I hesitated. “......... yes. A few times. But you have to be good with people and I’m not.”

“I’d think that depends on the people.” Jake said, dipping more bread. There was a tenderness to his voice that went straight through me.

I wasn’t blind. This guy had walked out of a steady job to come with me – with zero notice, which must have caused him some serious issues, not that he showed any sign of minding. All based on a couple of weeks of me being appallingly rude to him, avoiding him, telling him to get lost any way I could, following one long evening walk together and one kiss.

He was watching me and he spoke before I even got my mouth open.

“What if I don’t want anything? What if it’s ok to forget about everything and just have a good time?”

From most men that would be sinister, a get out clause; from him it was gentle and sincere and I knew exactly what he was telling me.

“How did you ever get classified as a Top?” I said with all the aggression I could summon up. Which wasn’t much.   

He flipped up another piece of bread and caught it, giving me a confiding look.

“I cheated on the exams.”

I laughed out loud.





It was maybe an hour later that he got up and stretched.

“I think I’m going to get some sleep.”

I didn’t answer. He leaned on the balcony rail, looking back at me.

“You don’t sleep a whole lot, do you?”

Not well. Not long. It was a serious bone of contention in the whole Top/brat type dynamic, I’d been told so often I’d be so much better if I just caught up on sleep. And the stronger the boundaries, the clearer the bedtimes, the less I actually slept. Like a lot of the Toplike stuff, I quietly did as I was asked and hid the fact it made things worse; it wasn’t the poor bastards’ fault that I wasn’t the right stuff. Another very good reason I’d left.  

“I’ve got a stubborn streak a mile wide.” I told him. “I’m a destructive S.O.B., I did warn you. I’m not a brat. The more people push, the less I sleep.”

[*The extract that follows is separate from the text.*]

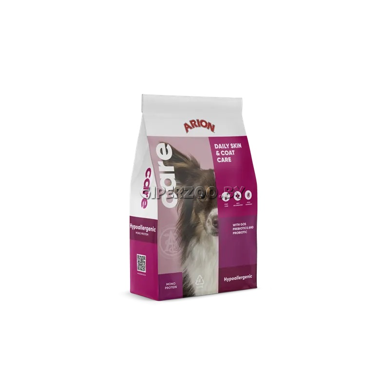 ARION CARE Hypoallergenic (лосось), 12 кг - корм для собак для профилактики аллергии. Разработан для улучшения и поддержания состояния кожи и шерсти вашей собаки. Собаки с чувствительной кожей могут получить пользу от этого корма, состоящего из легко усваиваемых ингредиентов с пониженным уровнем аллергенов.Состав: С вяленым лососем, рисом, сушеным картофелем, животным жиром, горохом, гидролизованным лососем, свекольным жомом, гидролизованным животным белком, минеральными веществами, сухими пивными дрожжами, картофельным белком, рыбьим жиром, G.O.S. (500 ppm), МОС, ФОС, ß-глюканы, растительные экстракты (Rosmarinus sp., Curcuma sp., Citrus sp., Eugenia sp.).Профилактическая забота с вкусными блюдами из нашей линейки ARION Care — это простой и эффективный способ укрепить здоровье вашего четвероногого друга.•УХОД ЗА ШЕРСТЬЮ •ОМЕГА 3 •ГИПОАЛЛЕРГЕННЫЙ

“Pushing probably doesn’t work then.” Jake said candidly, getting up. “You’d do better with a blanket out here, it’ll be cold in an hour or two.”

He went into the room and I heard him moving around, then a blanket landed in my lap, neatly rolled. The light went out and I heard the bed creak as he got comfortable. And then the soft, deeply comforting sound of his breathing.  

I wrapped the blanket around myself, curled up in the chair, and watched the Nile flow.

As a matter of fact, I’d always been a night owl. Even as a small child I’d always wanted to be outside at night. The world slowed down in the dark, everything was clearer, every thought came more distinctly. There was a calm in the dark that there never was in daylight. I often needed the night to be able to manage the day.

It was shortly after two am that I reached a decision, left the blanket on the balcony and sat on the edge of Jake’s bed.

He’d turned the sheets down on the other bed; that was a thoughtfulness that touched me. He was asleep with the covers kicked off, one arm behind his pillow, and he rolled over towards me when I brushed a hand against his shoulder.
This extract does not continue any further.